- **Data below**
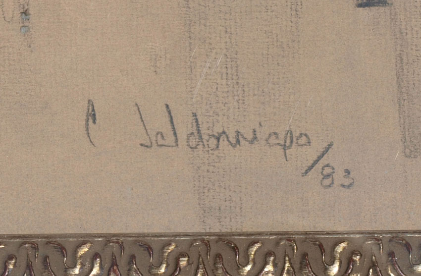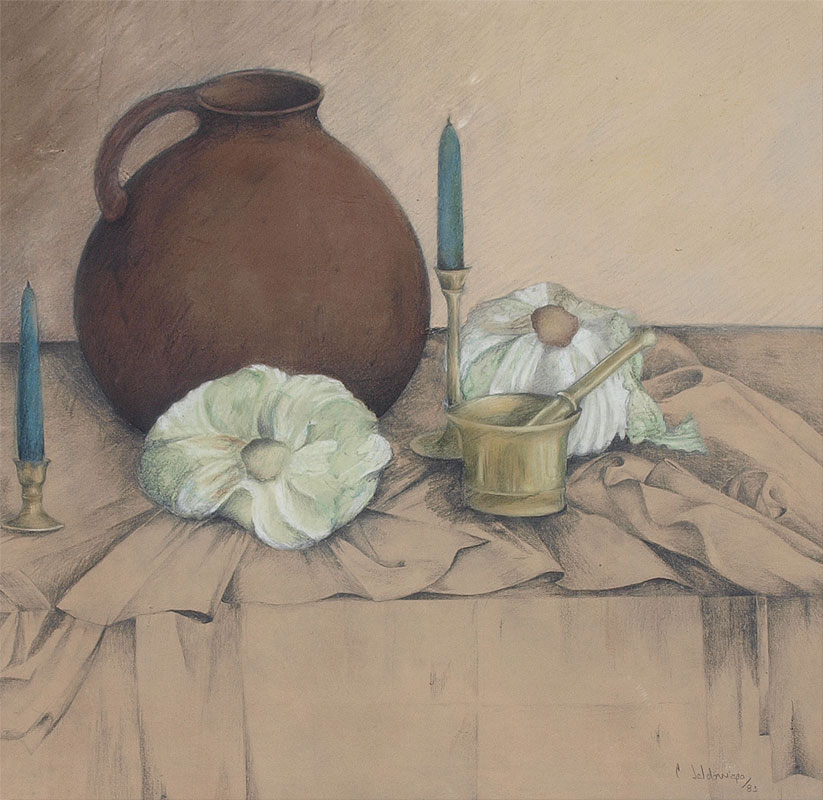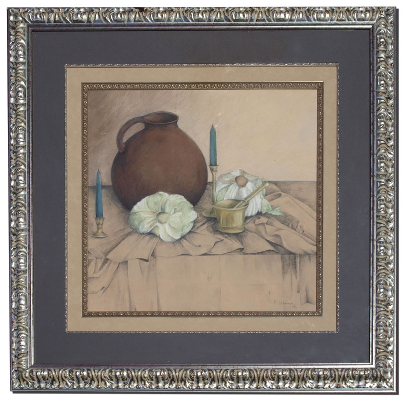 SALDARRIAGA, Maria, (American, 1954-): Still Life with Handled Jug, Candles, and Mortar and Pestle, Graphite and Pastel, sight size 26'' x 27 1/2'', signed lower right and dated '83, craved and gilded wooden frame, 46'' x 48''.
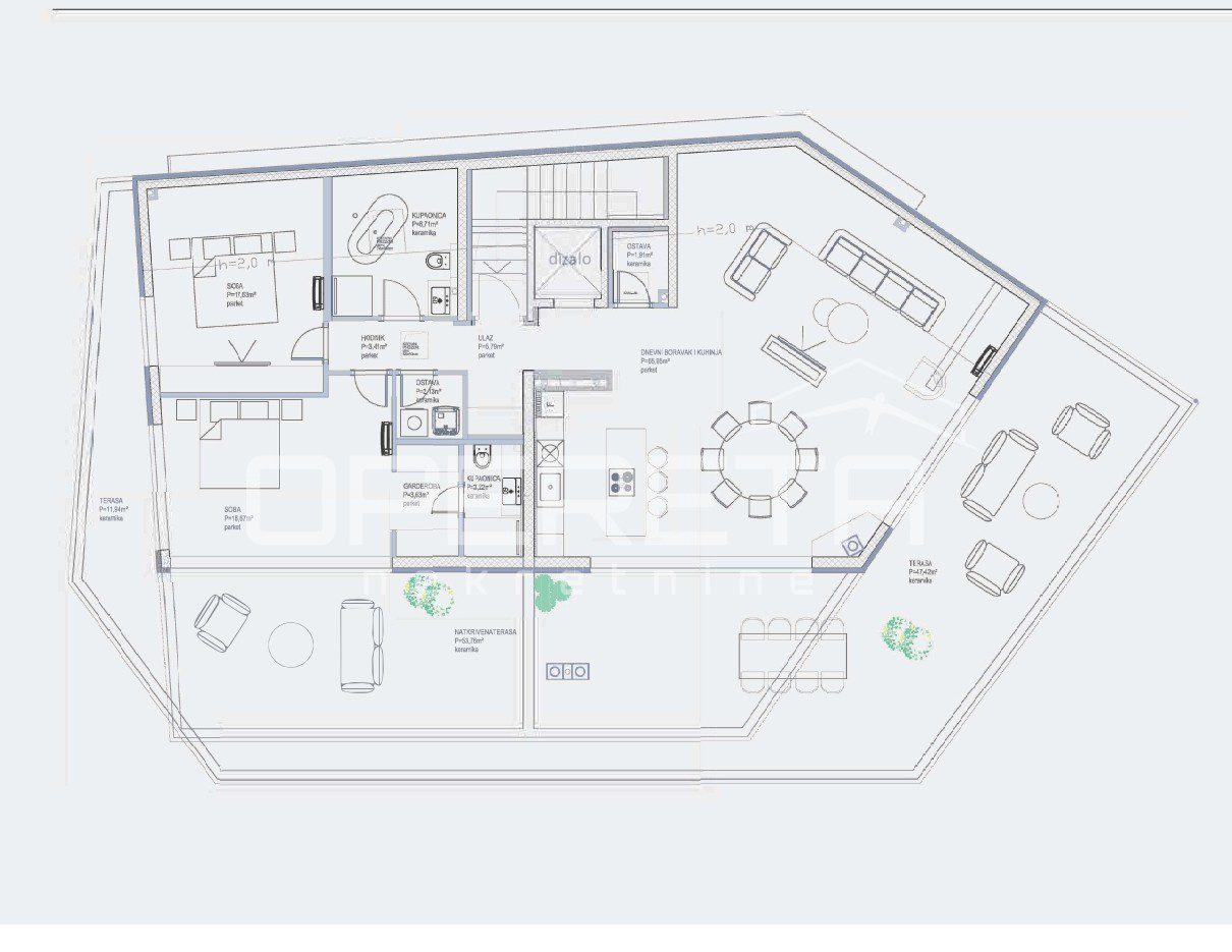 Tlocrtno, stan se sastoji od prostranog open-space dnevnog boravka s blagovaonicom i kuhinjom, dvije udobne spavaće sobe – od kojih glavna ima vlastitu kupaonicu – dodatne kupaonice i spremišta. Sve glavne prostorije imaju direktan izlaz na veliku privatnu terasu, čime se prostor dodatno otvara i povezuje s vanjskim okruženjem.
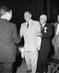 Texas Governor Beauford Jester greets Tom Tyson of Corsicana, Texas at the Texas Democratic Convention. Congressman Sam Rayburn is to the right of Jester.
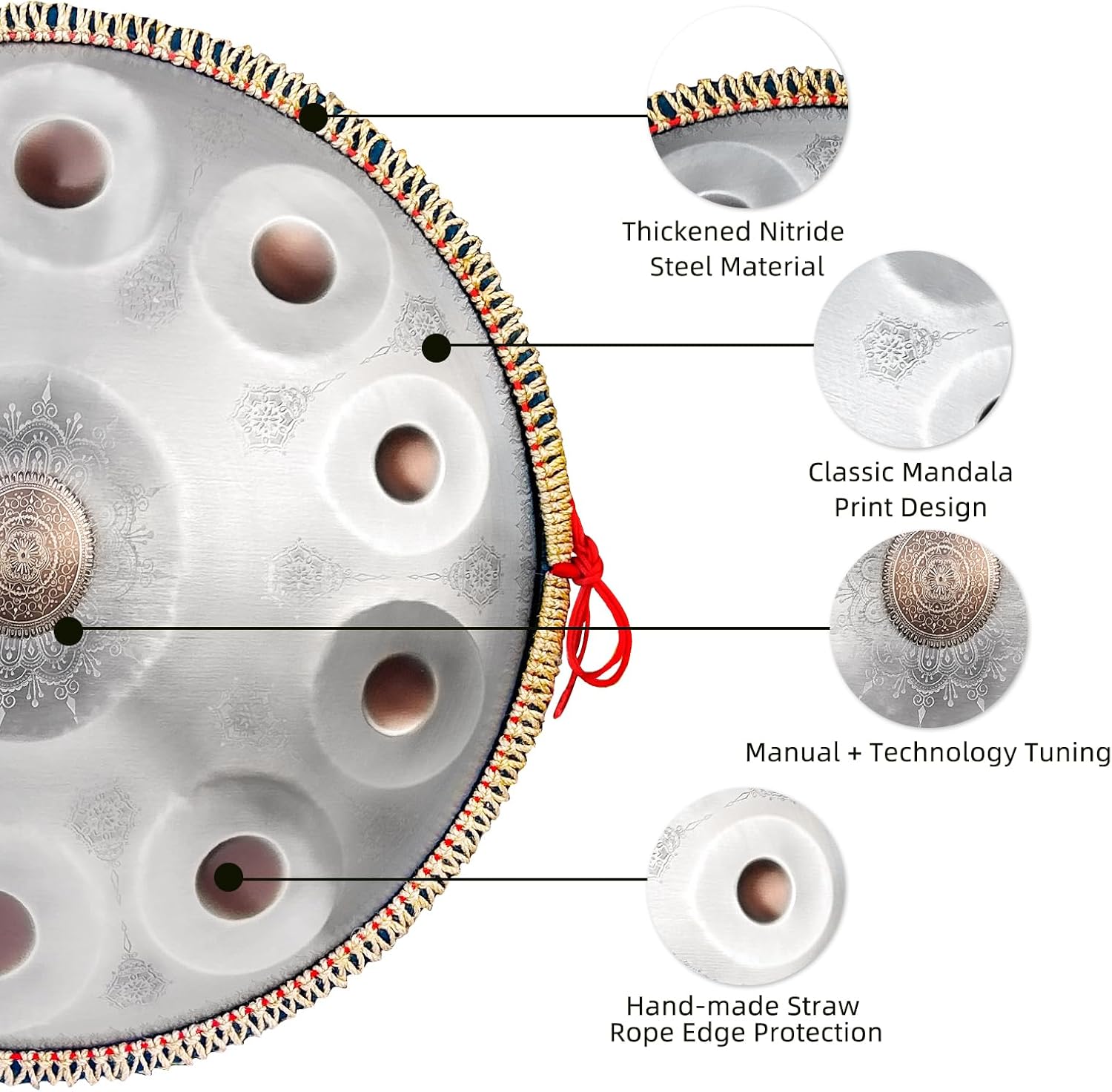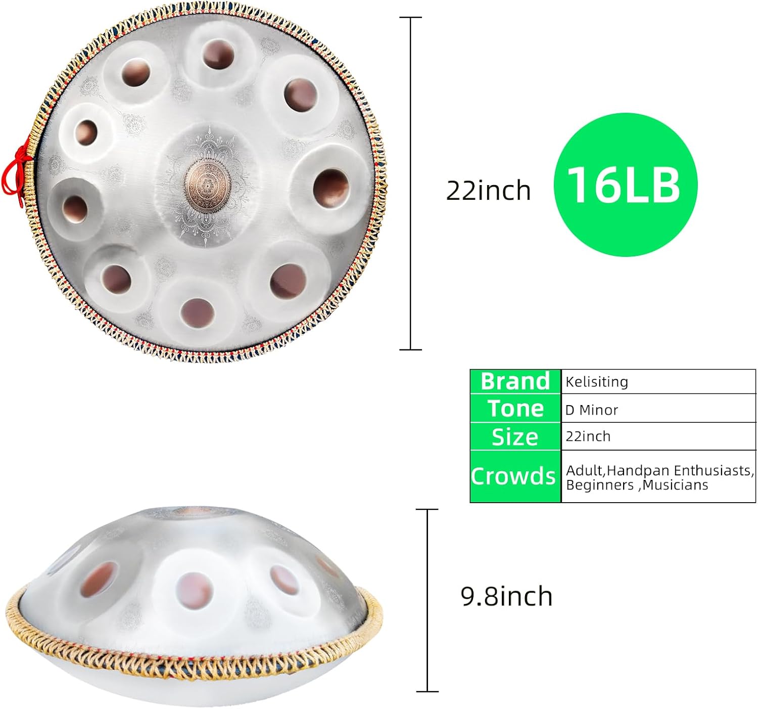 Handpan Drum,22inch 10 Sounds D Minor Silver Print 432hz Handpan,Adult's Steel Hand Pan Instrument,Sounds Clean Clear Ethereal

- **Exercise objective**
Where the data includes pictures, leave them out and write out everything else exactly.

- **Written response**
 SALDARRIAGA, Maria, (American, 1954-): Still Life with Handled Jug, Candles, and Mortar and Pestle, Graphite and Pastel, sight size 26'' x 27 1/2'', signed lower right and dated '83, craved and gilded wooden frame, 46'' x 48''.
 Tlocrtno, stan se sastoji od prostranog open-space dnevnog boravka s blagovaonicom i kuhinjom, dvije udobne spavaće sobe – od kojih glavna ima vlastitu kupaonicu – dodatne kupaonice i spremišta. Sve glavne prostorije imaju direktan izlaz na veliku privatnu terasu, čime se prostor dodatno otvara i povezuje s vanjskim okruženjem.
 Texas Governor Beauford Jester greets Tom Tyson of Corsicana, Texas at the Texas Democratic Convention. Congressman Sam Rayburn is to the right of Jester.
 Handpan Drum,22inch 10 Sounds D Minor Silver Print 432hz Handpan,Adult's Steel Hand Pan Instrument,Sounds Clean Clear Ethereal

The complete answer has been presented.